## WHAT YOU HAVE TO DO:
If pictures appear, leave them out, and return exactly the lines from the one holding "El gobernador Hugo" through the last line of the listing below.

## DATASET RECORDS:

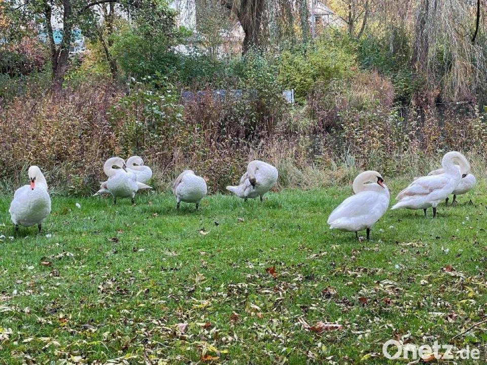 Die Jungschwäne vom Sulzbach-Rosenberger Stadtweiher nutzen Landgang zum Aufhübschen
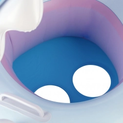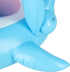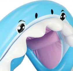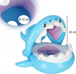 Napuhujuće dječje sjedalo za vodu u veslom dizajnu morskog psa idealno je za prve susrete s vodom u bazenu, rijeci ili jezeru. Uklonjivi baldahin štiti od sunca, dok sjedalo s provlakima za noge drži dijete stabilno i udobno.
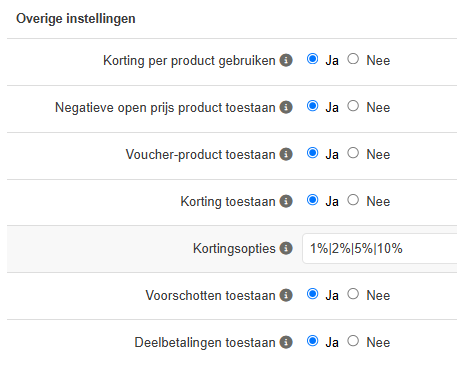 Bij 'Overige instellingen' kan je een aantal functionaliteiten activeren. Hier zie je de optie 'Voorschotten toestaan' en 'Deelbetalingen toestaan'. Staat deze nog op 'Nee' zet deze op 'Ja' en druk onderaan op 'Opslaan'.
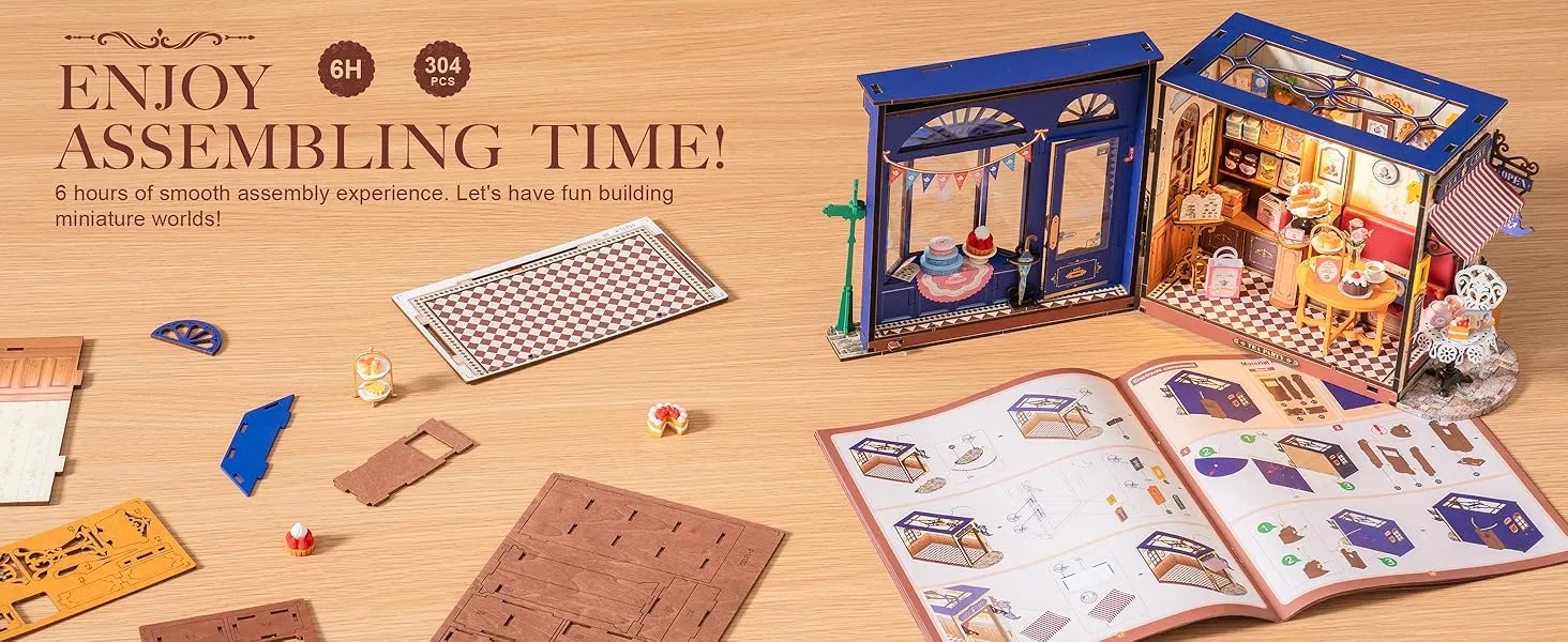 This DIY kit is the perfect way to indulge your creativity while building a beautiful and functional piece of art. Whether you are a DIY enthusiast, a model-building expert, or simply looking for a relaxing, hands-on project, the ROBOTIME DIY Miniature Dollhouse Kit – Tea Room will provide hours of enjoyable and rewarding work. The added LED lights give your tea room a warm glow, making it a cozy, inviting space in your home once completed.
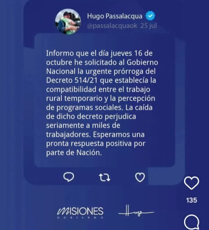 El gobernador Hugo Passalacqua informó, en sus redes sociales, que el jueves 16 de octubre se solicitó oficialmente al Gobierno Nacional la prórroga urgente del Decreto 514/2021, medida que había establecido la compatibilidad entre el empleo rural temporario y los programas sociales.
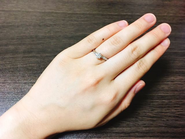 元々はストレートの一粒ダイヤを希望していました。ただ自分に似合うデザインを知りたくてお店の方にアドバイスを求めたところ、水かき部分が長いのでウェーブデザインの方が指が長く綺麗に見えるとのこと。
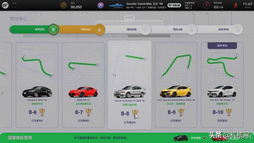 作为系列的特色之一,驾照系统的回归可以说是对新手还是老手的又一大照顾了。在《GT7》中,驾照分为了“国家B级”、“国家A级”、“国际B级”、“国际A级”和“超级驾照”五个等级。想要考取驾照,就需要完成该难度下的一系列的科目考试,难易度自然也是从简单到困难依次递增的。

## RESULT FOR THIS EXERCISE:
 El gobernador Hugo Passalacqua informó, en sus redes sociales, que el jueves 16 de octubre se solicitó oficialmente al Gobierno Nacional la prórroga urgente del Decreto 514/2021, medida que había establecido la compatibilidad entre el empleo rural temporario y los programas sociales.
 元々はストレートの一粒ダイヤを希望していました。ただ自分に似合うデザインを知りたくてお店の方にアドバイスを求めたところ、水かき部分が長いのでウェーブデザインの方が指が長く綺麗に見えるとのこと。
 作为系列的特色之一,驾照系统的回归可以说是对新手还是老手的又一大照顾了。在《GT7》中,驾照分为了“国家B级”、“国家A级”、“国际B级”、“国际A级”和“超级驾照”五个等级。想要考取驾照,就需要完成该难度下的一系列的科目考试,难易度自然也是从简单到困难依次递增的。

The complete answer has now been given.